> Work request:
Go to the line with "Deze stevige armband" in the material below and copy from there through the line with "Железо для бюджетника, между", exactly. Pictures are not copied.
━━━━━━━━━━
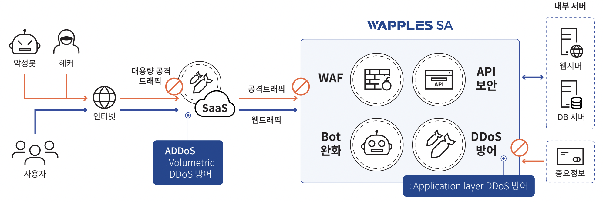 WAPPLES SA for Cloud(WAPPLES Software Appliance for Cloud)은 15년 연속으로 국내 웹방화벽 시장 점유율 1위를 유지하고 있는 WAPPLES의 수준 높은 기술력을 바탕으로 개발한 클라우드 WAAP(Web Application and API Protection) 솔루션이자 지능형 웹방화벽입니다. WAPPLES SA for Cloud는 기존 웹방화벽의 기능 뿐만 아니라 웹보안에 필요한 API 보안, Bot 완화, DDoS 방어의 기능도 수행합니다. 뿐만 아니라 Public Cloud 및 Private Cloud 등 어떤 클라우드 환경에서도 웹 보안 지원이 가능한 제품입니다.
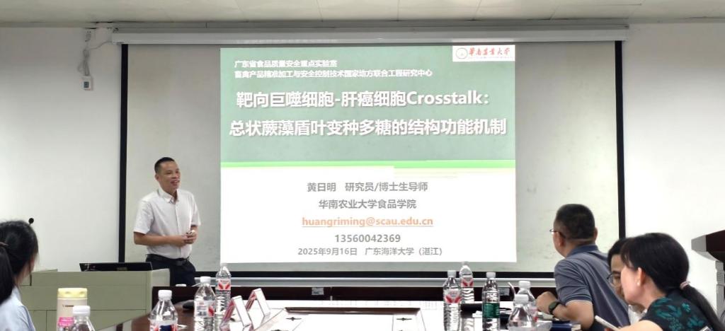 黄日明教授围绕《靶向巨噬细胞-肝癌细胞Crosstalk:总状蕨藻盾叶变种多糖的结构功能机制》展开报告,详细分享了团队在海洋生物多糖领域的系列研究成果,重点解析总状蕨藻盾叶变种多糖的精细结构与序列特征,深入阐释其免疫调节活性、抗肝癌活性的作用规律,以及调控巨噬细胞-肝癌细胞互作的信号通路与分子机制,为海洋活性物质的研发与产业化提供重要参考。
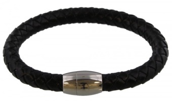 Deze stevige armband is van rond gevlochten donkerbruin leer met stainless steel magneetsluiting. De sluiting is handig om zelf om te doen en ziet er mooi uit.
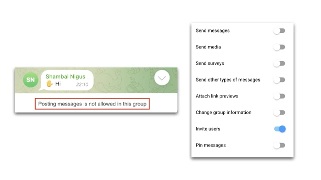 In addition to sending messages, you can also prohibit other actions: inviting participants, sending media, etc.
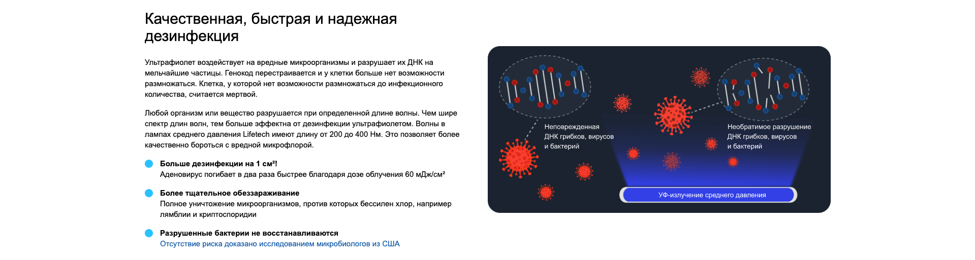 ПРЕДОТВРАЩЕНИЕ реактивации бактерий постоянное обеззараживание очищенной воды. ДЕЗИНФЕКЦИЯ воды и удаление комбинированного хлора одновременно. Благодаря уникальной технологии LifeAGE® срок службы УФ-лампы может достигать 18 000 рабочих часов.
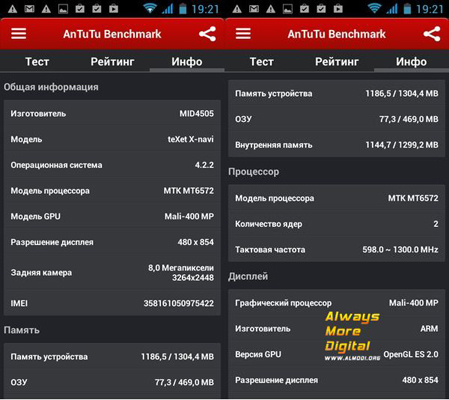 Железо для бюджетника, между прочим, неплохое. Процессор MTK6572, двухъядерный, 1.2 ГГц (в АнТуТу 500 – 1300 МГц). Графика обычная – Mali 400MP. Внутренний накопитель – 4 ГБ. Не много, но купить нужного объема Micro-SD карту сейчас вообще не проблема, даже в финансовом плане.
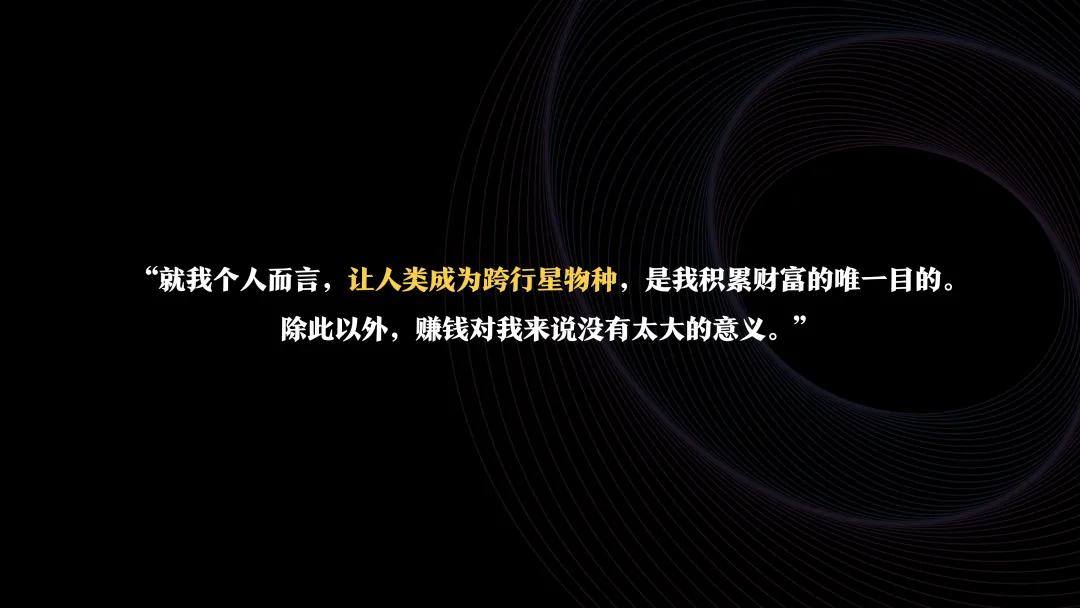 马斯克的新理念是超越商业,从生命尺度思考使命。他说过的一句话经常让我热泪盈眶:“对我而言,让人类成为跨行星的物种,这是我赚钱积累财富的唯一目的。除此以外,金钱对我没有任何意义。”
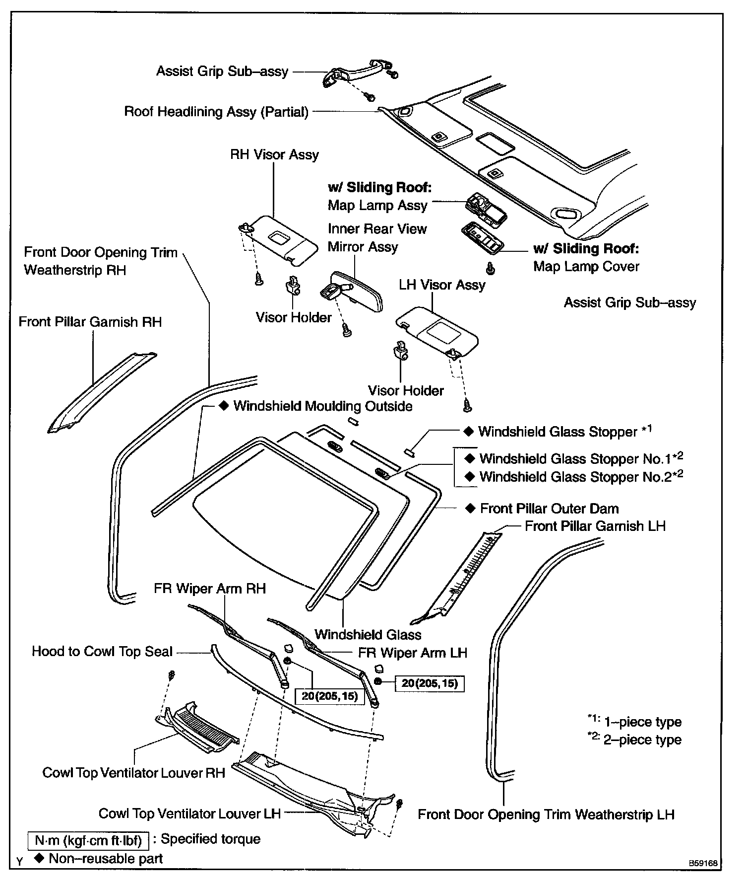 a. Install 2 new windshield glass stoppers No.1 to the body.
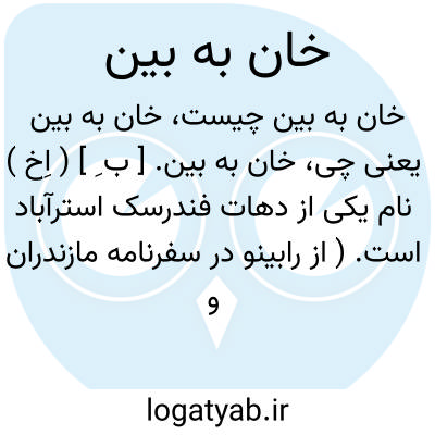 خان به بین. [ ب ِ ] ( اِخ ) نام یکی از دهات فندرسک استرآباد است. ( از رابینو در سفرنامه مازندران و استرآباد بخش انگلیسی ص 82 و 128 ).
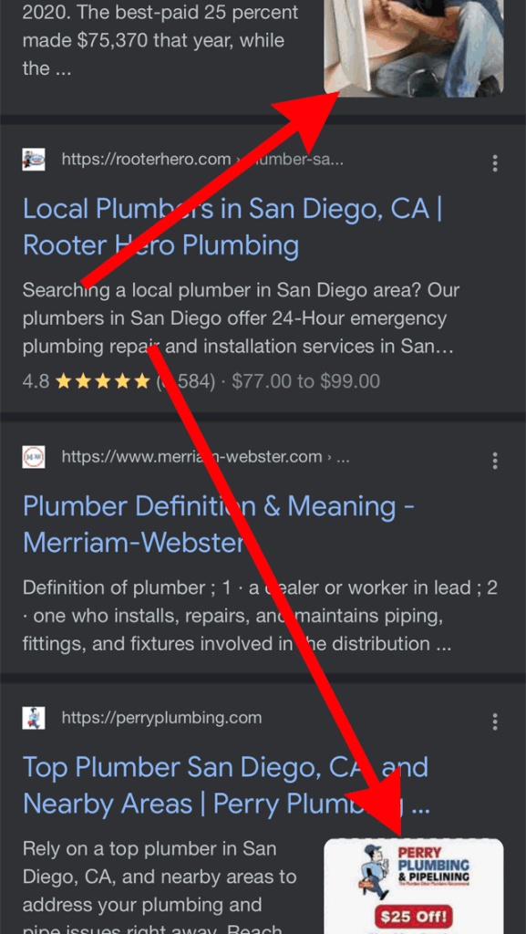 Updated for 2024: Astute searchers have increasingly noted Google SERPs adding images next to regular organic listings, especially in mobile search. Here are two examples:
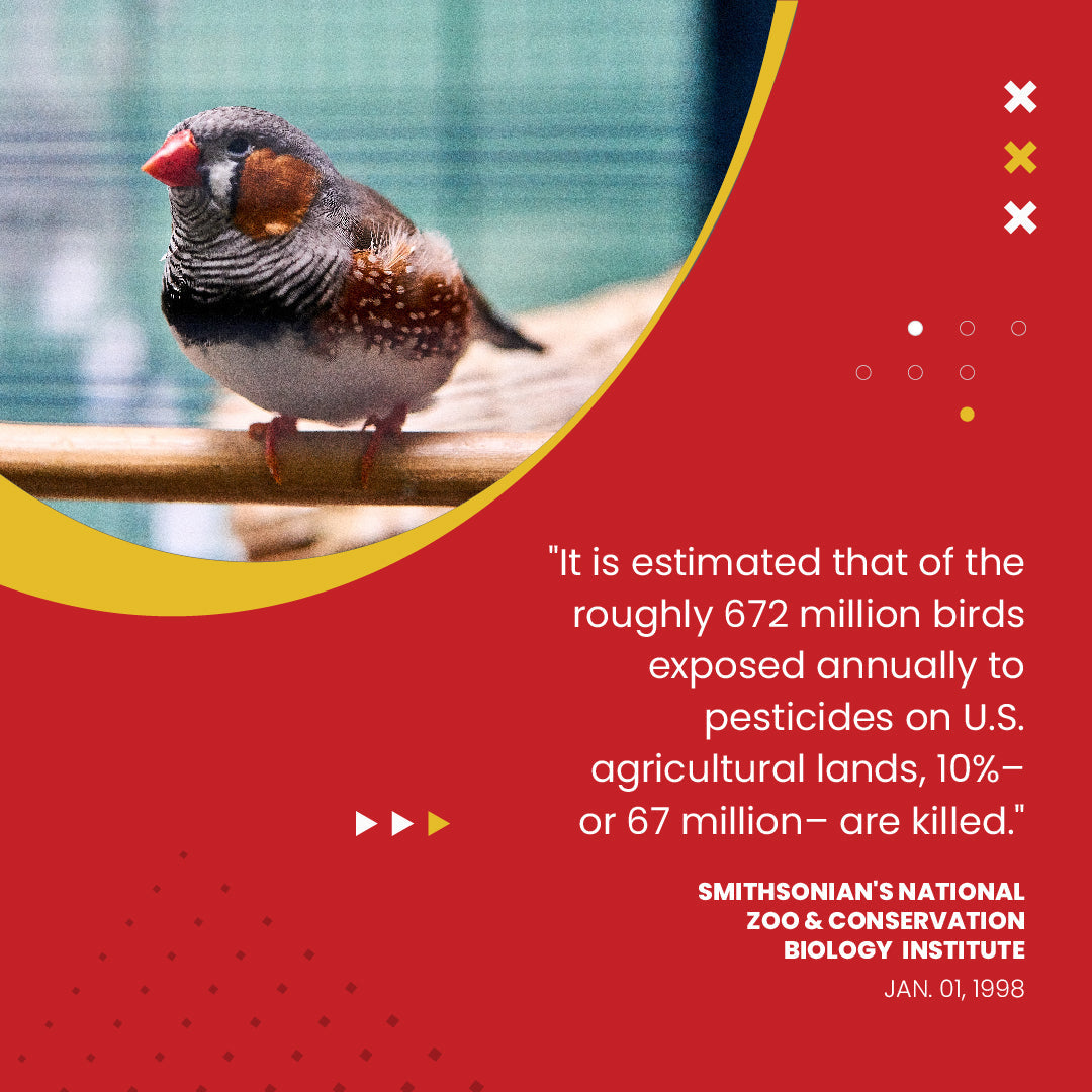 For Wild and Companion Birds. It is estimated by the Smithsonian's National Zoo & Conservation Biology Institute that roughly 672 million birds are exposed annually to pesticides on US agricultural lands. 10% or 67 million are killed. We are here to make a difference by providing products free of chemicals.
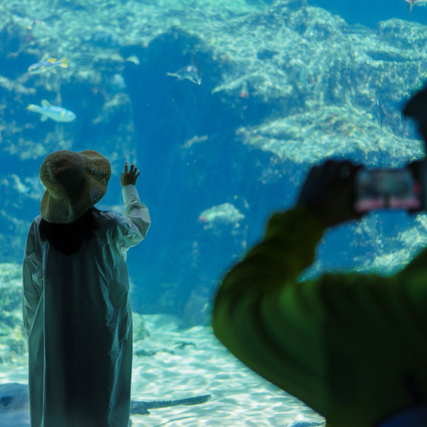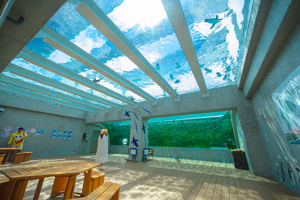 見ているだけで涼しげな〈ペンギン館〉は、なんと日本最大級の天井水槽と日本初の極浅水槽を備えた超新感覚の展示施設なんです。
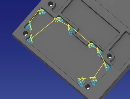 異なる平面のワイヤーフレームから2軸半のツールパスを作成します。
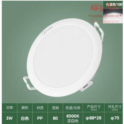 美的(Midea)LED超薄筒灯客厅吊顶射灯过道嵌入式孔灯牛眼灯3瓦白光 开孔7.5cm (SKU:yzwhyp943846
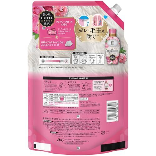 アンティークローズの香り。ローズとピオニーが主役の女性らしく甘い香り。5つ星ホテル推奨*。高級ホテルタオルのような、ふわふわシフォンにヨレ・毛玉も防ぐ*1汗をかいても防臭部屋干しOK*2赤ちゃん用衣類もやわらかく静電気を抑制約6ヶ月分^1。280mL増やした新サイズ^2!*詳しくはウェブへ。 *1 新品から複数回洗濯した場合。当社洗剤比。詳しくはWebへ。*2 いい香り。 ^1 週に約4回、3kgを洗濯(本品20mL使用)で。 ^2 旧レノアハピネスつめかえ(1620mL)よりレノア ハピネス 夢ふわタッチ 柔軟剤 アンティークローズ 詰め替え 大容量 新レノアハピネス夢ふわタッチは、洗濯するたび気になる衣類のダメージまで防ぐ。Tシャツの首元のヨレやニットの毛玉を防いで*、5つ星ホテルも認めたなめらかな肌ざわりが続きます。(*新品から複数回洗濯した場合。当社洗剤比。詳しくはWebへ) レノアハピネス夢ふわタッチは、5つ星ホテルも認めた香りも肌ざわり。レノアハピネス夢ふわタッチで、おうちにいながら5つ星ホテルの贅沢を体験してください。 秋冬は乾燥しやすいから、ニットのゴワゴワ・チクチクが気になりがち…新レノアハピネス夢ふわタッチなら、衣類をシルクの様になめらかに洗い上げるから、ニットももうチクチクしない* (*コットンニットで検証) 最高量*1の柔軟成分を配合しているから、5つ星ホテルタオルのような肌ざわりを83%が実感*2しています。(*1 過去10年レノアハピネスにおいて、*2 「華やかに香るアンティークローズの香り」使用。P&G消費者調査[n=108]による) レノアハピネス夢ふわタッチなら5つ星ホテルも認める贅沢な香りが1週間*楽しめます。(*保管状態にて)華やかに香るアンティークローズの香りは、ローズとピオニーが主役の女性らしく甘い香りで、しあわせな気分にみたされます。 レノアの柔軟剤は、ドラム式洗濯機や自動投入洗濯機でもお使いいただけます。詳細の使用方法や使用量は、製品裏の説明をご覧ください。 (#lf)(#lf)(#lf)商品購入前に、ストア紹介ページをご確認ください。
━━━━━━━━━━
> Solution for this problem:
 Deze stevige armband is van rond gevlochten donkerbruin leer met stainless steel magneetsluiting. De sluiting is handig om zelf om te doen en ziet er mooi uit.
 In addition to sending messages, you can also prohibit other actions: inviting participants, sending media, etc.
 ПРЕДОТВРАЩЕНИЕ реактивации бактерий постоянное обеззараживание очищенной воды. ДЕЗИНФЕКЦИЯ воды и удаление комбинированного хлора одновременно. Благодаря уникальной технологии LifeAGE® срок службы УФ-лампы может достигать 18 000 рабочих часов.
 Железо для бюджетника, между прочим, неплохое. Процессор MTK6572, двухъядерный, 1.2 ГГц (в АнТуТу 500 – 1300 МГц). Графика обычная – Mali 400MP. Внутренний накопитель – 4 ГБ. Не много, но купить нужного объема Micro-SD карту сейчас вообще не проблема, даже в финансовом плане.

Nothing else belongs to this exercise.